如果使用 cv2.imshow() 顯圖時，圖片可正常顯示。但如果使用 plt.imshow()時，依官方的說明，會出現如下錯誤，無法顯示圖形。
UserWarning: Matplotlib is currently using agg, which is a non-GUI backend, so cannot show the figure.

原因是使用object_detection時，會自動把 matplotlib 設定為 agg 模式。agg 模式是處於在沒有任何GUI繪圖功能的背景中執行，所以plt.show()就會出現無法顯圖的警告。為了能顯示處理後的圖形，必需先安裝PyQt5, 然後設定如下

pip install PyQt5

#然後再於程式碼中設定啟動qt5agg
import matplotlib
matplotlib.use('qt5agg')

下載及載入模型

可先到如下網址，查詢要下載的模型網址
https://github.com/tensorflow/models/blob/master/research/object_detection/g3doc/tf2_detection_zoo.md

keras.utils.get_file() 使用網路將模型下載下來，下載後的檔案名為.tar.gz檔，儲存在本機的C:\Users\{user Name}\.keras\datasets裏，然後自動解壓縮到 “模組名/saved_model” 目錄中。當第二次執行時，會先檢查上述路徑是否已下載，若已有模型了就不會重新下載。所以如果要重新下載，就需將datasets裏的相關檔案刪除。

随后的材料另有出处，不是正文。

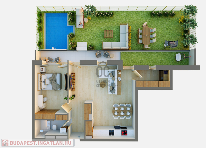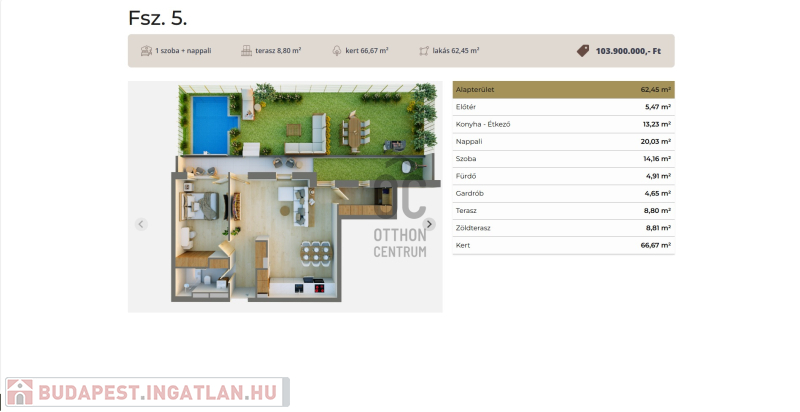 Ez a földszinti kertkapcsolatos lakás 62,45 nm-es, nappali-étkező-konyha +1 szobás, 8,8 nm-es terasszal és 67 nm-es kerttel.

請注意不要使用 keras.models.load_model, 因為此模型是由 tf.saved_model.save產生的。此模型有14G，下載約需100~120秒。

import os
os.environ['TF_CPP_MIN_LOG_LEVEL']='2'
import tensorflow as tf
import time
import keras
def download_model(model_name, model_date):
    base_url = 'http://download.tensorflow.org/models/object_detection/tf2'
    # 解壓縮
    model_dir = keras.utils.get_file(fname=model_name,
                                        origin=f'{base_url}/{model_date}/{model_name}.tar.gz',
                                        untar=True)
    return f'{str(model_dir)}/saved_model'
MODEL_DATE = '20200711'
MODEL_NAME = 'centernet_hg104_1024x1024_coco17_tpu-32'
model_path = download_model(MODEL_NAME, MODEL_DATE)
print('載入模型...', end='')
t1 = time.time()
#請不要使用 keras.models.load_model, 因為此模型是由 tf.saved_model.save產生的
#model = keras.models.load_model(model_path)
# 開始由本地端載入模型，會很久
model = tf.saved_model.load(model_path)

t2 = time.time()
print(f'共花費 {t2-t1} 秒.')

下載及載入Label

一樣使用tf.keras.utils.get_file() 取得Label的文字檔，再用
label_map_util.create_category_index_from_labelmap()取得Label的字典。從如下程式碼，可知Label的字典格式。

import os
os.environ['TF_CPP_MIN_LOG_LEVEL'] = '2'
import tensorflow as tf
import pathlib
from object_detection.utils import label_map_util
def download_labels(filename):
    base_url = 'https://raw.githubusercontent.com/tensorflow/models/master/research/object_detection/data'
    label_dir = tf.keras.utils.get_file(fname=filename,
                                        origin=f'{base_url}/{filename}',
                                        untar=False)
    label_dir = pathlib.Path(label_dir)
    return str(label_dir)

LABEL_FILENAME = 'mscoco_label_map.pbtxt'
label_path = download_labels(LABEL_FILENAME)
category_index = label_map_util.create_category_index_from_labelmap(label_path, use_display_name=True)
print(category_index)
for key in category_index.keys():
    print(category_index[key])

結果
{1: {'id': 1, 'name': 'person'}, 2: {'id': 2, 'name': 'bicycle'}, 3: {'id': 3, 'name': 'car'}, 4: {'id': 4, 'name': 'motorcycle'}, 5: {'id': 5, 'name': 'airplane'},......}

{'id': 1, 'name': 'person'}
{'id': 2, 'name': 'bicycle'}
{'id': 3, 'name': 'car'}
.
.
.
{'id': 87, 'name': 'scissors'}
{'id': 88, 'name': 'teddy bear'}
{'id': 89, 'name': 'hair drier'}
{'id': 90, 'name': 'toothbrush'}

載入圖片

此處我們使用cv2 將圖片載入，經縮放後，由 tf.convert_to_tensor()改成 tf 的格式, 然後需再拓展成四維。最後放入 model(input_tensor)即可開始偵測。

偵測完會有好幾組可能，再此我們取第一組資訊即可

# 開啟一張圖片
img_path='cat.jpg'
img=cv2.imdecode(np.fromfile(img_path, dtype=np.uint8), cv2.IMREAD_UNCHANGED)
img=cv2.resize(img, (1024,768), interpolation=cv2.INTER_LINEAR)
image_np=cv2.cvtColor(img, cv2.COLOR_BGR2RGB)
#image_np = np.array(Image.open('tiger.jpg'))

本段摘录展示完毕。